Zong Yan, Cheng Chao, Li Kunke, Xue Ran, Chen Ziyan, Liu Xiuping, Wu Kaili
Zhongshan Ophthalmic Center, State Key Laboratory of Ophthalmology, Sun Yat-sen University, Guangdong Provincial Clinical Research Center for Ocular Diseases, Guangzhou, China.
Front Med (Lausanne). 2022 Jan 18;8:797630. doi: 10.3389/fmed.2021.797630. eCollection 2021.
Superior limbic keratoconjunctivitis (SLK) is a bilateral, chronic inflammatory disease that recurs for up to several years; however, the fundamental processes involved in its pathogenic mechanisms remain unknown. We aimed to investigate the metabolomic alterations in the tear fluids of patients with superior limbic keratoconjunctivitis (SLK) compared with those of healthy volunteers (Ctrl group).

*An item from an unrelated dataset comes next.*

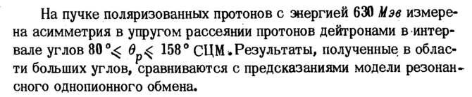 'Асимметрия в упругом рассеянии протонов дейтронами при энергии 630 Мэв
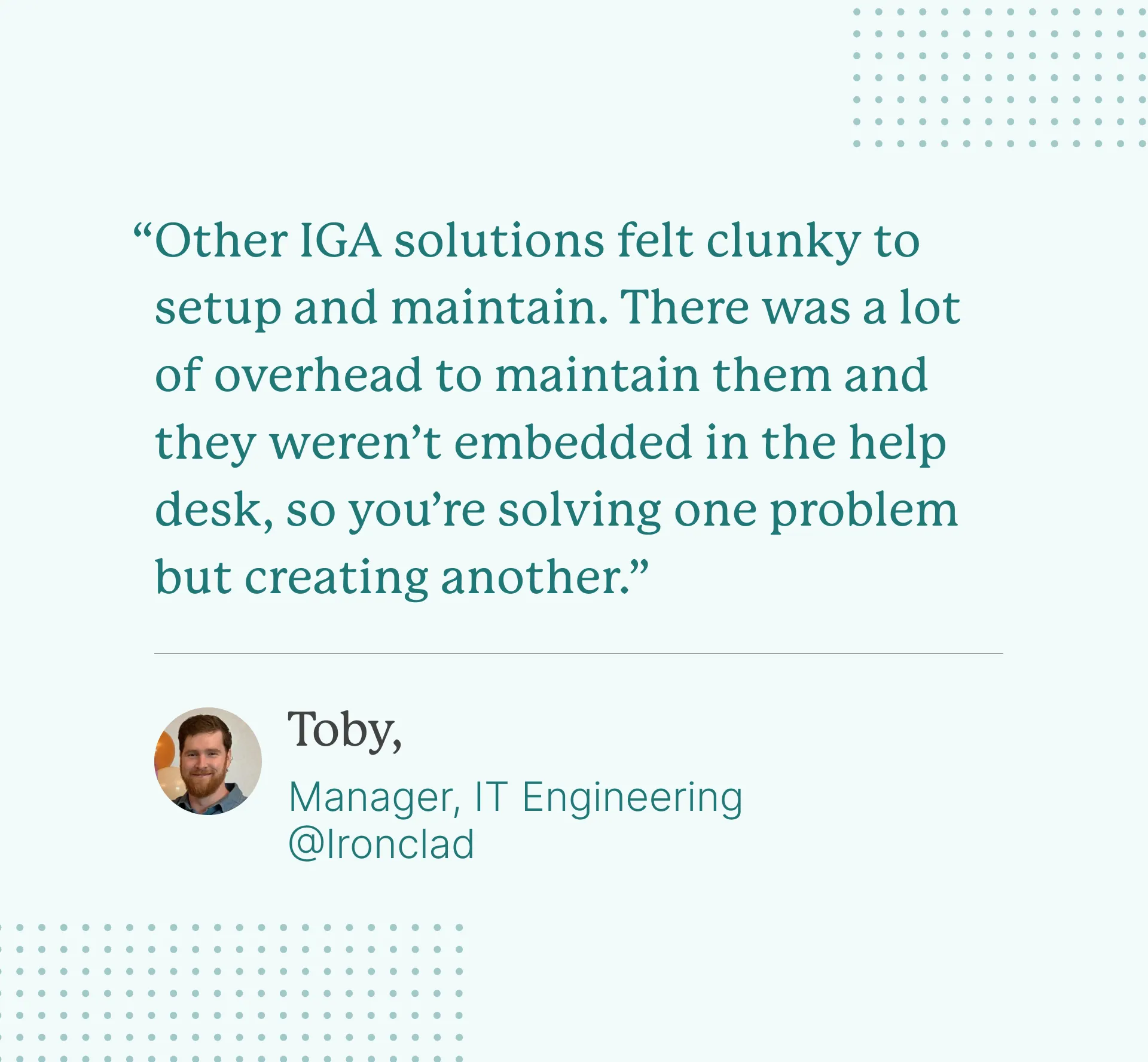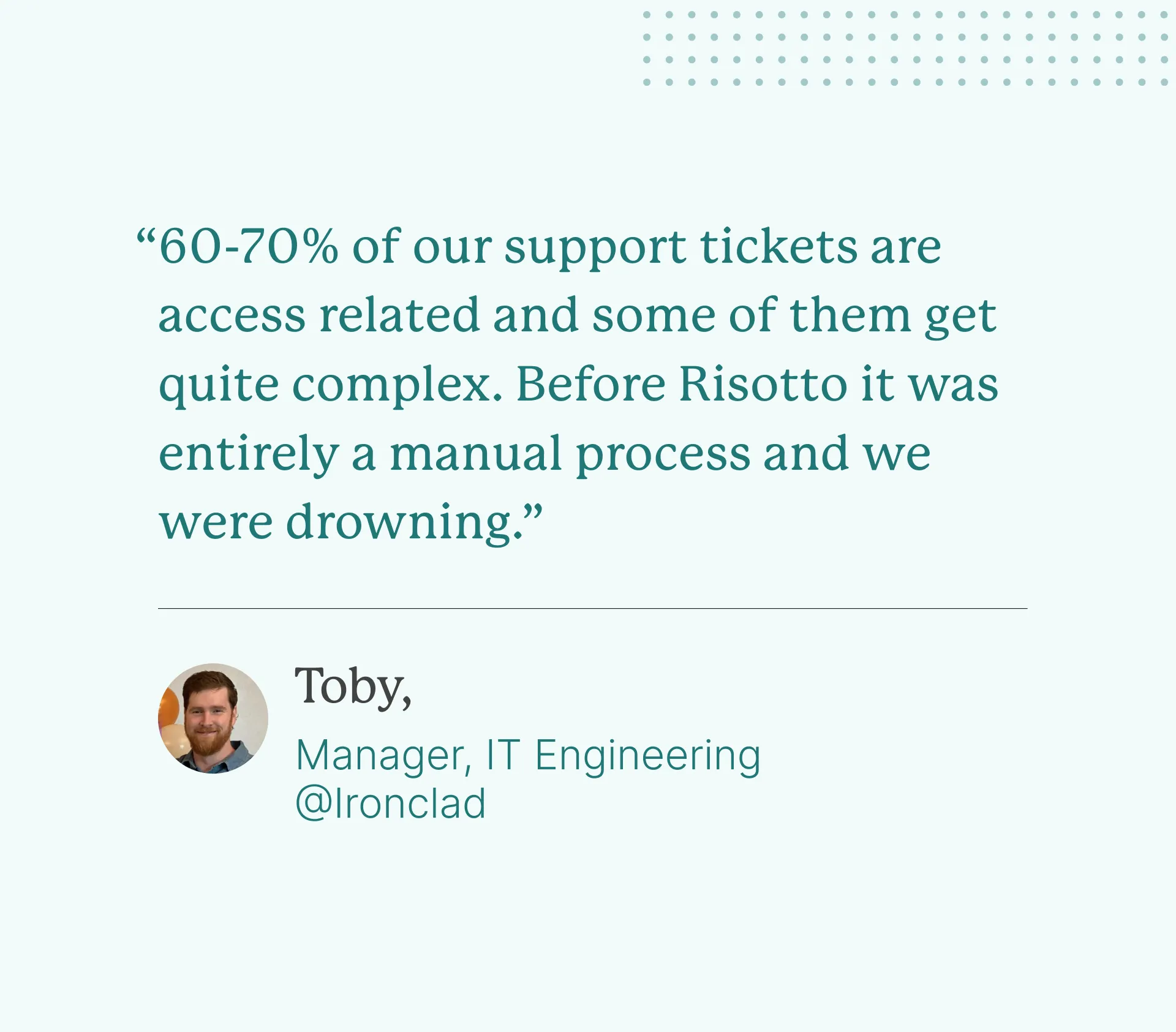 Behind the ticket volume lay a deeper operational challenge. Ironclad’s access management relied on manual spreadsheet tracking of applications, approvers, and system groups. “Managing access requests manually is never a good idea because it’s error prone, inconsistent, and your time-to- resolution suffers,” Toby reflects. The process was particularly vulnerable during coverage gaps, when team members unfamiliar with specific workflows would rush through requests, inevitably missing critical details.

We performed a cross-sectional study involving 42 subjects. Tear fluid was taken from one eye of 24 SLK patients (40.13 ± 14.55 years, 83.33% female) and 18 healthy volunteers (Ctrl, 39.89 ± 9.2 years, 72.22% female) using Schirmer strips. After the liquid extraction of tear metabolites, samples were infused into the QE HFX Orbitrap mass spectrometer in both positive and negative ion mode. Metabolites were quantitatively analyzed and matched with entries in the HMDB database. Metabolic differences between the SLK group and the control group were identified based on multivariate statistical analysis. Open database sources, including SMPDB and MetaboAnalyst, were used to identify metabolic pathways.
Among 179 metabolites retained for annotation, 133 metabolites were finally identified, among which 50 were found to be significantly changed in SLK patients. Of these 50 metabolites, 31 metabolites significantly increased and 19 metabolites decreased in SLK patients. The altered metabolites are mainly involved in α linolenic acid and linoleic acid metabolism, ketone body metabolism, butyrate metabolism, mitochondrial electron transport chain, carnitine synthesis, and so on. The most significantly changed pathway was linoleic acid metabolism. To explore the utility of tear biomarkers, a model combining 9 metabolites (phenol, ethyl glucuronide, eicosapentaenoic acid, 12-keto-leukotriene B4, linoleic acid, hypoxanthine, triethanolamine, 1-nitrohexane, and terephthalic acid) was selected as a candidate biomarker.
The results reveal that SLK has a specific metabolomic profile, of which some key elements can serve as potential biomarkers of SLK for diagnostic and prognostic purposes. The findings of this study are novel and provide a basis for further investigations of the mechanism of SLK.
上睑缘角结膜炎(SLK)是一种双侧慢性炎症性疾病,可持续复发数年;然而,其致病机制所涉及的基本过程仍不清楚。我们旨在研究与健康志愿者(对照组)相比,上睑缘角结膜炎(SLK)患者泪液中的代谢组学变化。
我们进行了一项横断面研究,涉及42名受试者。使用泪液试纸从24名SLK患者(40.13±14.55岁,83.33%为女性)和18名健康志愿者(对照组,39.89±9.2岁,72.22%为女性)的一只眼睛中采集泪液。在对泪液代谢物进行液体提取后,将样品以正离子和负离子模式注入QE HFX轨道阱质谱仪。对代谢物进行定量分析,并与HMDB数据库中的条目进行匹配。基于多变量统计分析确定SLK组和对照组之间的代谢差异。使用包括SMPDB和MetaboAnalyst在内的开放数据库来源来识别代谢途径。
在保留用于注释的179种代谢物中,最终鉴定出133种代谢物,其中50种在SLK患者中显著变化。在这50种代谢物中,SLK患者中有31种代谢物显著增加,19种代谢物减少。改变的代谢物主要涉及α-亚麻酸和亚油酸代谢、酮体代谢、丁酸代谢、线粒体电子传递链、肉碱合成等。变化最显著的途径是亚油酸代谢。为了探索泪液生物标志物的效用,选择了一种结合9种代谢物(苯酚、乙基葡萄糖醛酸、二十碳五烯酸、12-酮白三烯B4、亚油酸、次黄嘌呤、三乙醇胺、1-硝基己烷和对苯二甲酸)的模型作为候选生物标志物。
结果表明,SLK具有特定的代谢组学特征,其中一些关键成分可作为SLK诊断和预后的潜在生物标志物。本研究结果具有创新性,为进一步研究SLK的发病机制提供了依据。